One of Senator Franken’s key agenda items is to “fix health care”. He wants to go back and put in all those items that got stripped out before. He feels there is a chance because we finally got lucky and Joe Lieberman was defeated by a real Democrat in 2012. So Senator Franken begins campaigning on “fix it now”.

Enter candidate Pawlenty. The man who was thought to be the presidential nominee for Republicans just two years earlier has realized he misses holding office and now wants to become a U.S. Senator. Pawlenty hears the keystone issue of Senator Franken to fix healthcare now and quickly fires off one of those snarky GOP talking points:

The Senator had a chance to “fix health care” recently and this is what they gave us. How can we trust him to fix something that he worked hard to support?

Now to you or me, the people who love politics and follows it closely we will quickly remember the cold winter of 2009, when a record breaking blizzard blanketed the nation’s capital and the upper house of Congress spent the weekend before Christmas locked in finishing up the health care bill, while every single member of the GOP worked feverishly to oppose the bill, playing their role as the party of no.

That’s you and me, the political junkies, who takes time out to read and write blogs and follow every detail.

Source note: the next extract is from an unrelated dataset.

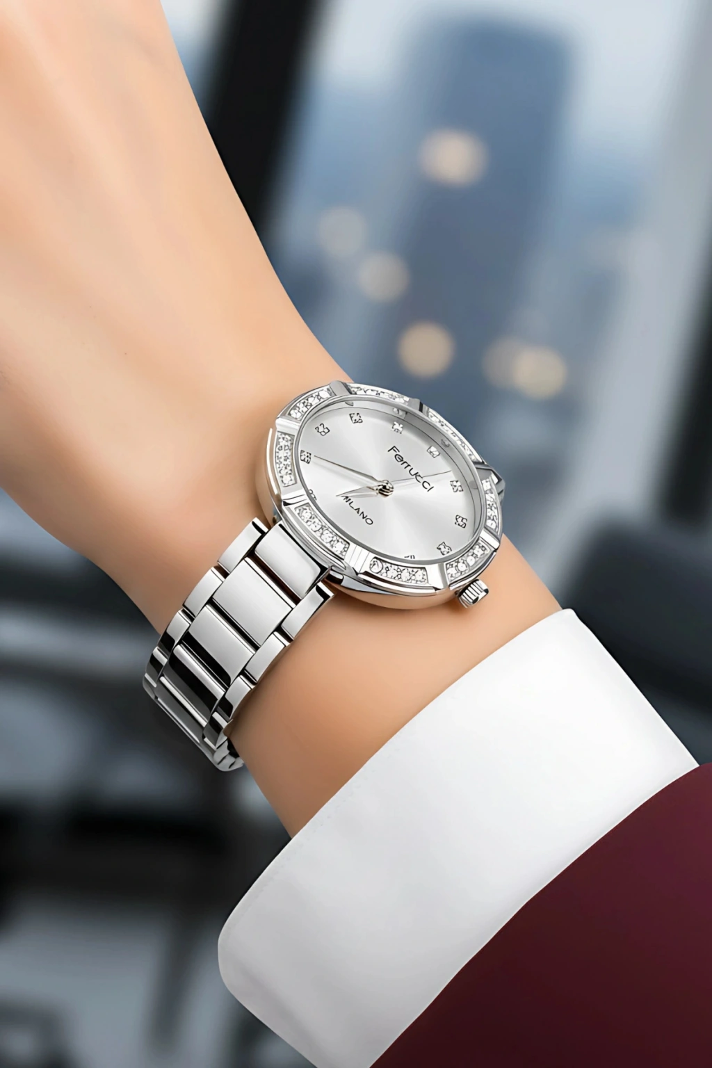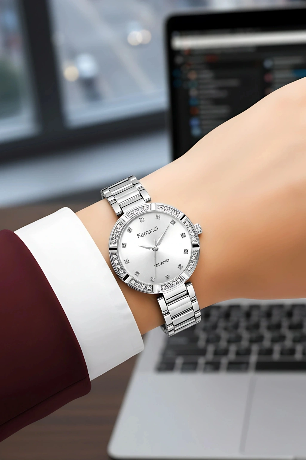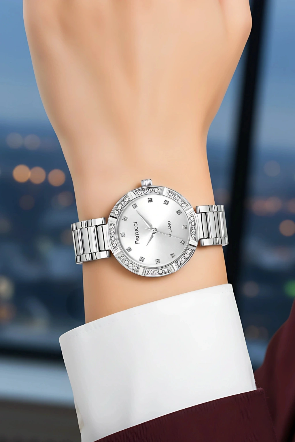 Şıklığı, zarafeti ve ışıltıyı bir arada sunan Ferrucci Milano kadın saati; hediyelik, günlük kullanım ya da özel kombinlerin tamamlayıcısı olarak aradığınız mükemmel aksesuar.

But what about the average voter out there? It’s no secret that the American electorate does suffer from a case of short-term memory. In 5 years this cold winter will quickly become a foggy memory and the message candidate Pawlenty is pushing will really start to stick, and that translates into votes.

Now add to this the fact the the current bill will only have just started kicking in. People won’t really be seeing the positive effects of it yet, and the mandates will be kicking in so people who didn’t have to pay for health insurance before now are. Candidate Pawlenty will also remind the voter that it was his opponents vote that forced them to purchase this product from the private industry. Another message the will translate into votes.

After a very hard fought campaign we finally reach election day. We are stuck with another year of Chris Matthews trying to tell us all what we think and believe as we hear that annoying music play over and over again on MSNBComcast. Finally the polls have closed and enough precincts have reported. NBComcast is now ready to predict that Tim Pawlenty will be the next Senator from the state of Minnesota.

The conventional wisdom of Washington is that they never want to look at hypotheticals, but this is a very real one, and one that can be substituted to any number of states and candidates. “Fix it later”, being called “fix it now” in the future, will not play well for Democrats when what they want to fix is the very legislation they championed as being historic and great.

It took nearly 100 years to get where we are today. Slow as molasses doesn’t even begin to describe Washington, so it will be generations before we can actually fix this legislation.